Goal of the exercise >>
When you return the data, keep every line exactly as it is and leave out the pictures.

Information shown >>
━━━━━━━━

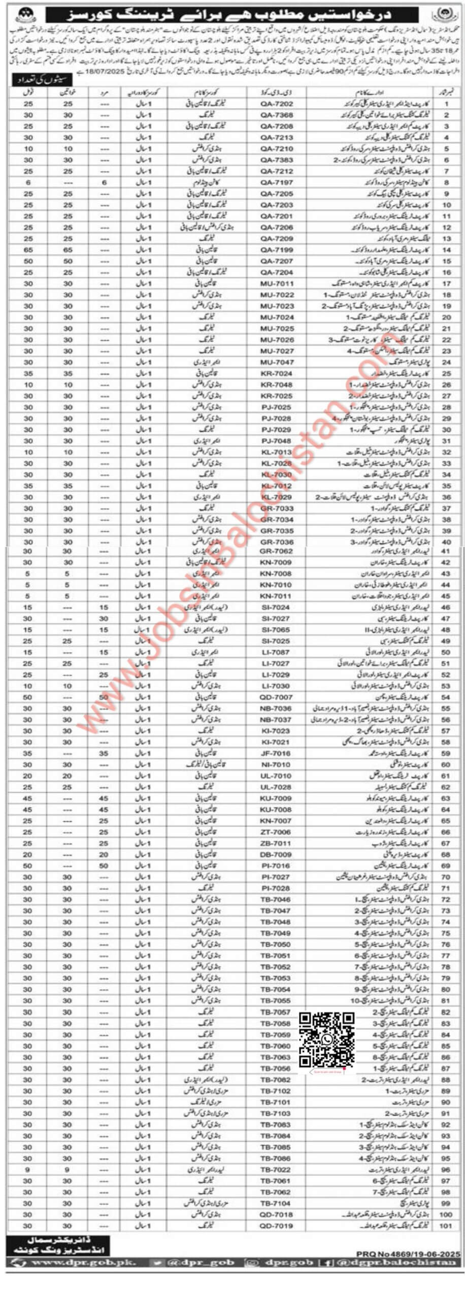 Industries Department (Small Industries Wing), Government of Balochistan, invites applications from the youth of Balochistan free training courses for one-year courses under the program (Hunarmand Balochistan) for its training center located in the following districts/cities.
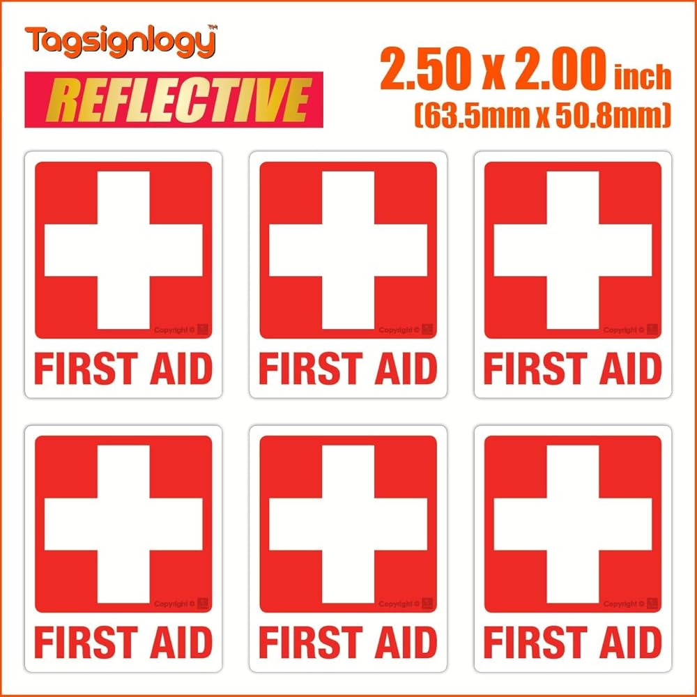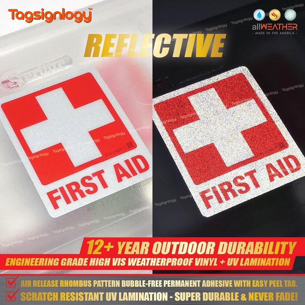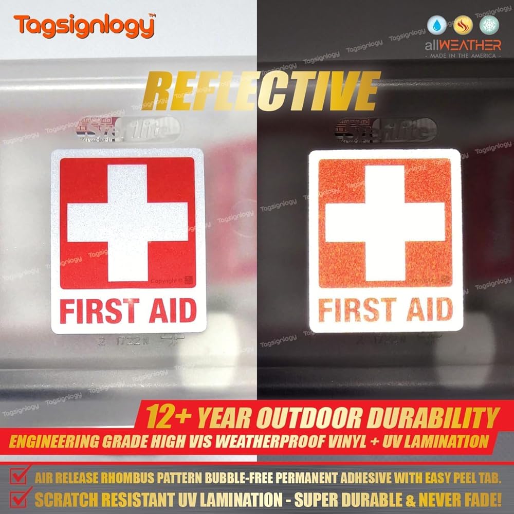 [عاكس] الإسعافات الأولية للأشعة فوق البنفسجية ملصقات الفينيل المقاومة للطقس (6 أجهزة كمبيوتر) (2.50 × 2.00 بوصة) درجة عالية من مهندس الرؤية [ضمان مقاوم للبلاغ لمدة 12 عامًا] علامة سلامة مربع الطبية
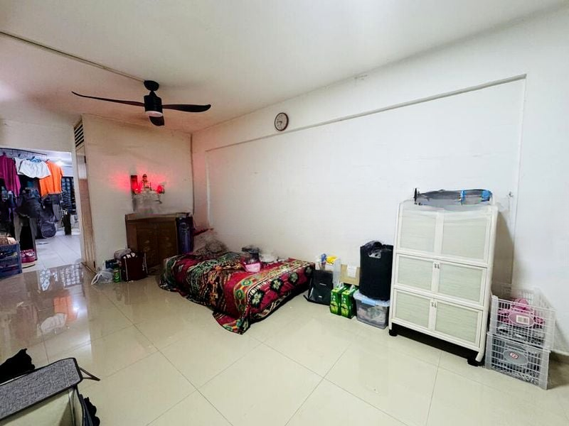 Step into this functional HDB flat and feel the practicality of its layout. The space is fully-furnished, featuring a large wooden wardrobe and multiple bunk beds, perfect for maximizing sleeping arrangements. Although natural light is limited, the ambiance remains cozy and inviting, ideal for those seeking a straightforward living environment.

━━━━━━━━

Answer for the task >>
 Industries Department (Small Industries Wing), Government of Balochistan, invites applications from the youth of Balochistan free training courses for one-year courses under the program (Hunarmand Balochistan) for its training center located in the following districts/cities.
 [عاكس] الإسعافات الأولية للأشعة فوق البنفسجية ملصقات الفينيل المقاومة للطقس (6 أجهزة كمبيوتر) (2.50 × 2.00 بوصة) درجة عالية من مهندس الرؤية [ضمان مقاوم للبلاغ لمدة 12 عامًا] علامة سلامة مربع الطبية
 Step into this functional HDB flat and feel the practicality of its layout. The space is fully-furnished, featuring a large wooden wardrobe and multiple bunk beds, perfect for maximizing sleeping arrangements. Although natural light is limited, the ambiance remains cozy and inviting, ideal for those seeking a straightforward living environment.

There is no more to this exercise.